Clinical data collection
Among 2671 samples, 366 samples (13.7%) were positive for TC. Among 884 samples tested with tcdB PCR, 161 (18.2%) were positive; 434 samples (16.2%) were positive for TC and/or tcdB PCR. After excluding 152 duplicated samples in the same episode, we reviewed the data of 282 patients in detail (Fig. 1). For these patients, we collected clinical data through chart review including demographic data and laboratory data including white cell count, serum creatinine, and albumin concentrations tested within 3 days of fecal sample collection. We obtained the baseline serum creatinine concentrations from tests performed more than 6 months before study entry.

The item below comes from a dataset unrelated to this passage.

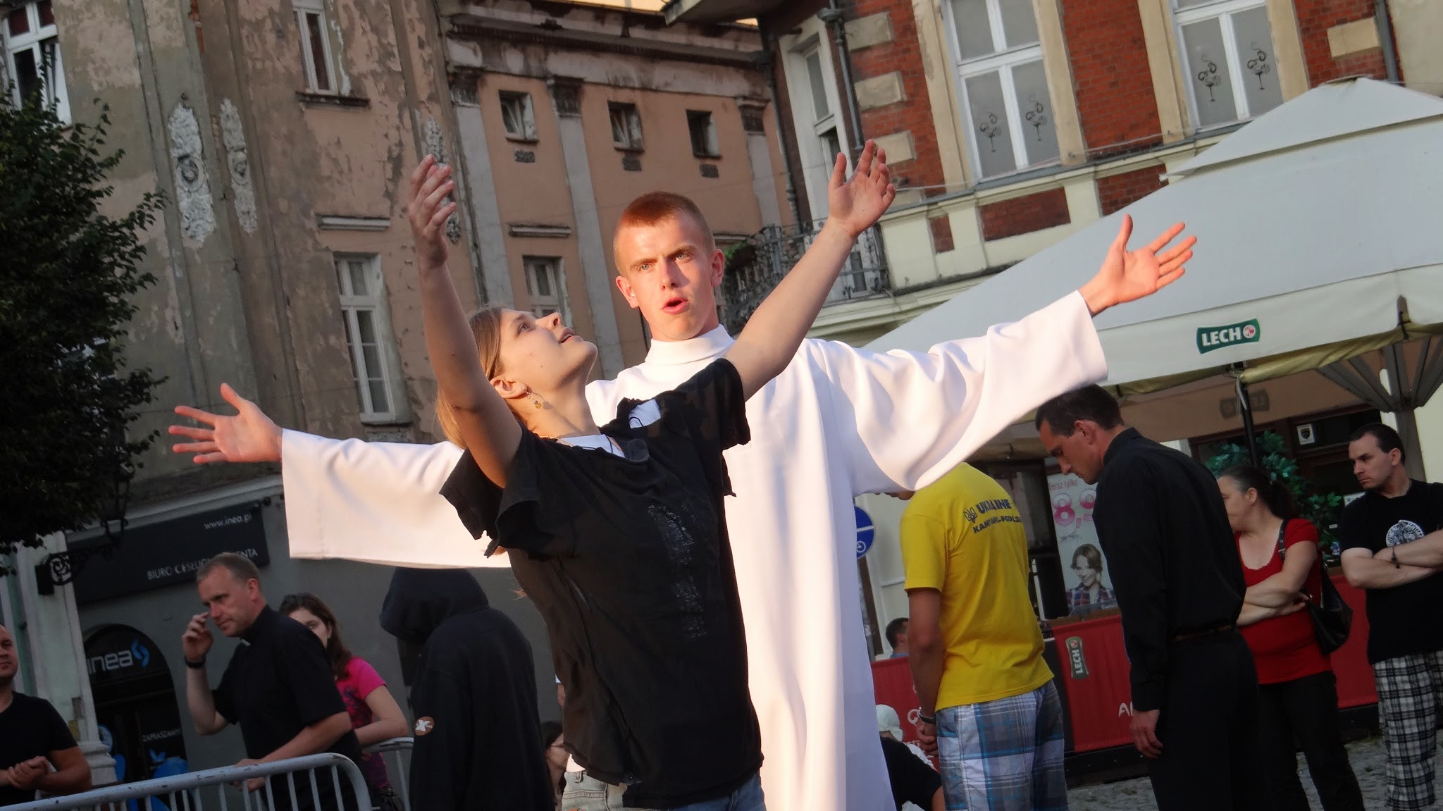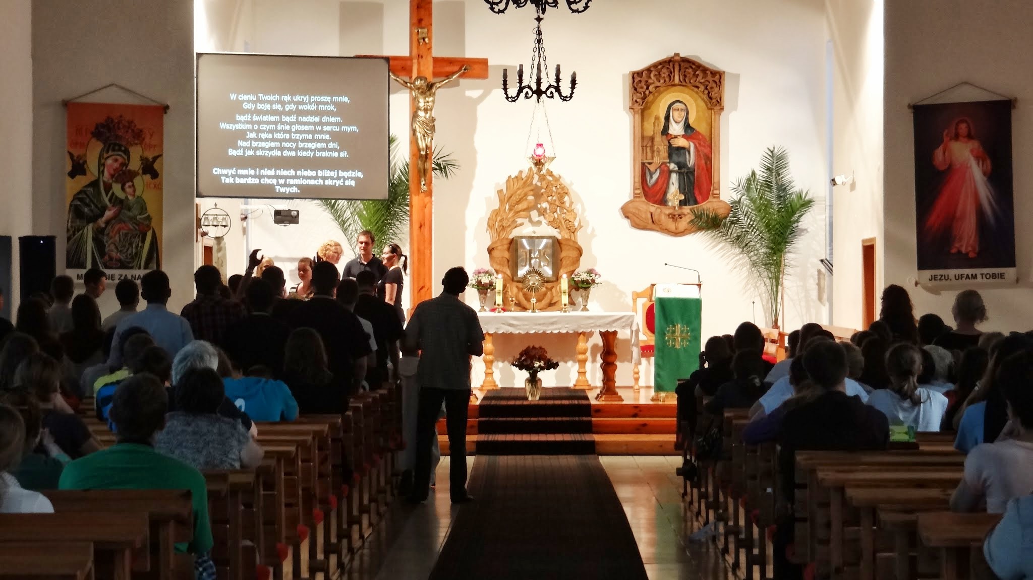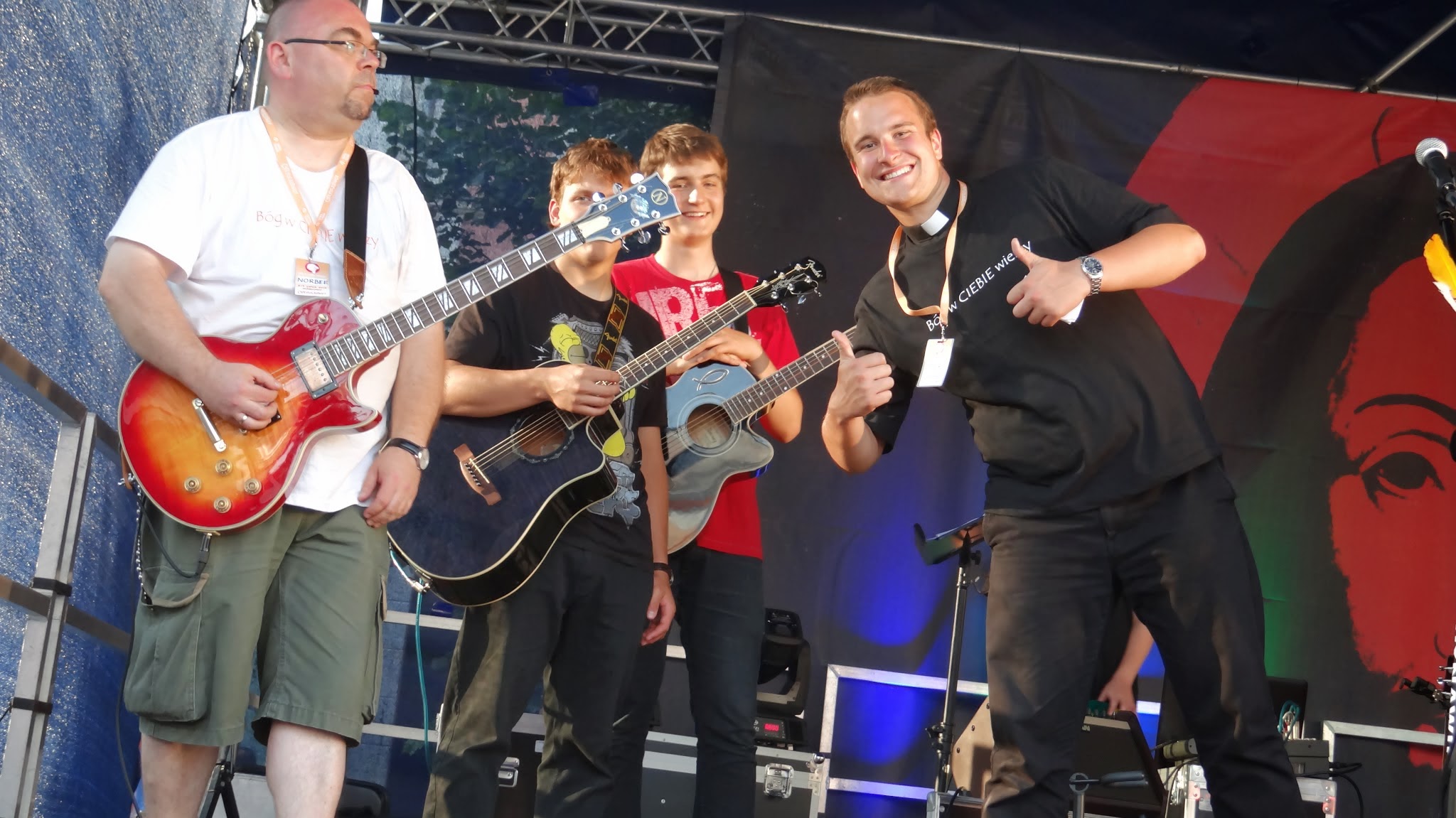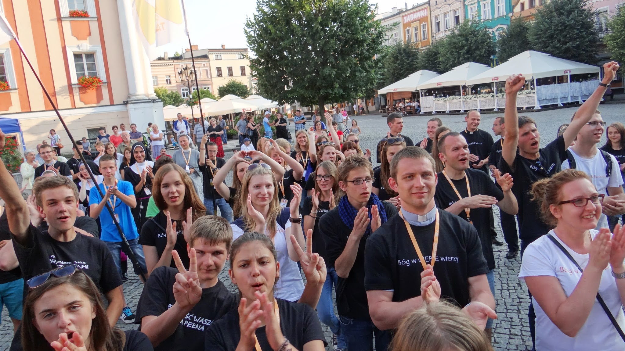 Wszystko to prowadzi do uwielbienia Pana Boga. Wieczorna modlitwa przy blasku świec, jutrznia, codzienna okazja do spotkania w sakramencie pokuty oraz Msze święte, w czasie których pomagał nam modlić się muzyką i śpiewem ogromnie utalentowany zespół, sprawiały, że chęć zbliżenia się do Niego, poznawania Go, dziękowania za życie i powierzania trudnych spraw rosła... Wieczór na rynku w Lesznie był okazją do podzielenia się swoją radością i wiarą z innymi. Razem z zaproszonymi do świętowania mieszkańcami tańczyliśmy, modliliśmy się śpiewając oraz słuchając koncertu zespołu Love Story a także opowiadaliśmy o spotkaniach z Bogiem – własnymi słowami i dzięki przedstawieniom, przygotowanym przez pana Adama. Ważnym doświadczeniem było dla wszystkich muzyczne uwielbienie, które odbyło się w kościele w Lipnie Nowym. Szansa spędzenia jakiegoś czasu przed Najświętszym Sakramentem, jest zawsze szansą na przemianę. Smutku w radość, strachu w spokój, zwątpień w ufność. Dlatego choć po zejściu z Góry Tabor wyglądamy wciąż tak samo, to jesteśmy przemienieni. JESTEŚMY PEWNI, że: „BÓG W NAS WIERZY!”

The underlying diseases of these patients included malignancy (33.0%), respiratory disease (16.7%), acute infectious diseases (11.0%), cerebral- and cardio-vascular disease (11.0%), surgical disorder (5.3%), and neurologic disease (5.3%). Of the patients, 67.7% had undergone antibiotic therapy and most (95.7%) were treated with metronidazole for CDI. The clinical spectrum was categorized as category I (toxigenic C. difficile positive without clinical CDI criteria, < 3 unformed stools in 24 h), mild CDI (≥ 3 unformed stools in 24 h and WBC count less than 15 × 109 cells/L, and serum creatinine less than 1.5 times the premorbid level, category II), and severe CDI (≥ 3 unformed stools in 24 h and WBC count of at least 15 × 109 cells/L or serum creatinine levels at least 1.5 times the premorbid level, category III). CDI-related complications included radiologically confirmed toxic megacolon status or hypovolemic shock with low blood pressure [2, 4]. Patients with laxative use in 48 h before sample collection were excluded from category II and III [13]. The duration of hospitalization and the 30-day all-cause mortalities were assessed as the clinical outcomes. The tcdB PCR-positive patients were divided as high C t and low C t based on the median C t value (C t, 27.1). Clinical characteristics were compared between these groups.
Statistical analysis
The difference between the continuous variables was analyzed using the Student’s t test or Mann–Whitney U test, and that between categorical variables was analyzed using the Chi-square test, Fisher’s exact test, McNemar test, or the Cochran–Armitage test for trends. The Kruskal–Wallis test and one-way analysis of variance (ANOVA) followed by the Games–Howel’s post hoc test was used to assess the differences between groups. The C t values of tcdB PCR for estimating toxin EIA positivity were assessed using receiver-operating characteristic (ROC) curves and the area under the curves (AUC). Statistical analysis was performed using MedCalc Statistical Software (version 15.8, MedCalc Software, Mariakerke, Belgium) and IBM SPSS Statistics 22.0 (IBM Corporation, Armonk, NY, USA). P values less than 0.05 were considered statistically significant.
Results
Among 282 patients positive for TC and/or tcdB PCR, 119, 99, and 64 patients were category I, II, and III, respectively. The results of toxin EIA and tcdB PCR in each clinical category are described in supplemental Table 1. The median C t values of tcdB PCR and toxin positivity were not significantly correlated with clinical spectrum of CDI (27.5, 28.2, and 26.1 for tcdB PCR and 55.0, 56.6, and 60.9% for toxin EIA positivity in category I, II, and III, respectively, P > 0.05). There were significant differences in age between category II and III (61.5 vs. 67.9 years old, P = 0.0186). Comparison of clinical characteristics between groups based on results of the toxin EIA and tcdB PCR in patients with TC and/or tcdB PCR positivity is described in supplemental Table 2. Age and WBC count were significantly different between groups based on toxin EIA results (mean age, 60.7 vs. 68.0 years old, P = 0.0016 and mean WBC count, 8.7 vs. 11.3 109/L, P < 0.0001, respectively).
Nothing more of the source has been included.